È questione di fatto lo stabilire se tra evento infortunistico e danno alla salute esista un nesso di causalità naturale; su detta questione amministrazione e giudice si determinano secondo il principio della probabilità preponderante - insufficiente essendo l'esistenza di pura possibilità - applicabile generalmente nell'ambito dell'apprezzamento delle prove in materia di assicurazioni sociali (cfr. RDAT II-2001 N. 91 p. 378; SVR 2001 KV Nr. 50 p. 145; DTF 126 V 360 consid. 5b; DTF 125 V 195; STFA del 4 luglio 2003 nella causa M., U 133/02; STFA del 29 gennaio 2001 nella causa P., U 162/02; DTF 121 V 6; STFA del 28 novembre 2000 nella causa P. S., H 407/99; STFA del 22 agosto 2000 nella causa K. B., C 116/00; STFA del 23 dicembre 1999 in re A. F., C 341/98, consid. 3, p., 6; STFA 6 aprile 1994 nella causa E. P.; SZS 1993 p. 106 consid. 3a; RCC 1986 p. 202 consid. 2c, RCC 1984 p. 468 consid. 3b, RCC 1983 p. 250 consid. 2b; DTF 115 V 142 consid. 8b, DTF 113 V 323 consid. 2a, DTF 112 V 32 consid. 1c, DTF 111 V 188 consid. 2b; Meyer, Die Rechtspflege in der Sozialversicherung, in Basler Juristische Mitteilungen (BJM) 1989, p. 31-32; G. Scartazzini, Les rapports de causalité dans le droit suisse de la sécurité sociale, Basilea 1991, p. 63). Al riguardo essi si attengono, di regola, alle attestazioni mediche, quando non ricorrano elementi idonei a giustificarne la disattenzione (cfr. DTF 119 V 31; DTF 118 V 110; DTF 118 V 53; DTF 115 V 134; DTF 114 V 156; DTF 114 V 164; DTF 113 V 46).
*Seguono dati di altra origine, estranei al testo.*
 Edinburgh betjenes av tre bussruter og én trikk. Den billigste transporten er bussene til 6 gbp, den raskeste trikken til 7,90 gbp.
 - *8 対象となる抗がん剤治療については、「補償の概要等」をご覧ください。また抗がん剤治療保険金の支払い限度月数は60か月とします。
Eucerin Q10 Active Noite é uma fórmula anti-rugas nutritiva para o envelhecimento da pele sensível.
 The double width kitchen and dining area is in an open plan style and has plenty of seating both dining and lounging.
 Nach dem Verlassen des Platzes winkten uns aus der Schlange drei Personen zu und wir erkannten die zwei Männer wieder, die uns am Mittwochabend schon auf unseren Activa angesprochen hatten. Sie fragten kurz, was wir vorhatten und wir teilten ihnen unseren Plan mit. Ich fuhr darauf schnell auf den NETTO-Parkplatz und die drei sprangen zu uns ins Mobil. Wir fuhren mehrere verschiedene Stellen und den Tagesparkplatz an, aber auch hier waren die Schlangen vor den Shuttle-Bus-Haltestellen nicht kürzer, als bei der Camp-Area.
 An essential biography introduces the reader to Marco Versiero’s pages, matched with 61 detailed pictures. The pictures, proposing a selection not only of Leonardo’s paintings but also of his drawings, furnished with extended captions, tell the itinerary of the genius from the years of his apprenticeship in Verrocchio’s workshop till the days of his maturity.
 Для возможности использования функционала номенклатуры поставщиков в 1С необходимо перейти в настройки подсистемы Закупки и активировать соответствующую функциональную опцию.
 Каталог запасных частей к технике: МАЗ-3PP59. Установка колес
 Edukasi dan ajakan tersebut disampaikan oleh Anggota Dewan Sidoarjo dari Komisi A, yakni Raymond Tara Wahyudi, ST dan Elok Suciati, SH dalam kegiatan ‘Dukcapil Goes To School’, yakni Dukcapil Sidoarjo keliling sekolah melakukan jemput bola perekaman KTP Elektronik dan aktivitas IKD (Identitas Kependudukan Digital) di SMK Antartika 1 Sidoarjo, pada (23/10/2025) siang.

Ne discende che ove l'esistenza di un nesso causalità tra infortunio e danno sia possibile ma non possa essere reputata probabile, il diritto a prestazioni derivato dall'infortunio assicurato dev'essere negato (DTF 129 V 181 consid. 3.1 e 406 consid. 4.3.1, DTF 117 V 360 consid. 4a e sentenze ivi citate).
L'assicuratore contro gli infortuni è tenuto a corrispondere le proprie prestazioni fino a che le sequele dell'infortunio giocano
un ruolo causale. Pertanto, la cessazione delle prestazioni entra in considerazione soltanto in due casi:
quando lo stato di salute dell'interessato è simile a quello che esisteva immediatamente prima dell'infortunio (status quo ante);
quando lo stato di salute dell'interessato è quello che, secondo l'evoluzione ordinaria, sarebbe prima o poi subentrato anche senza l'infortunio (status quo sine)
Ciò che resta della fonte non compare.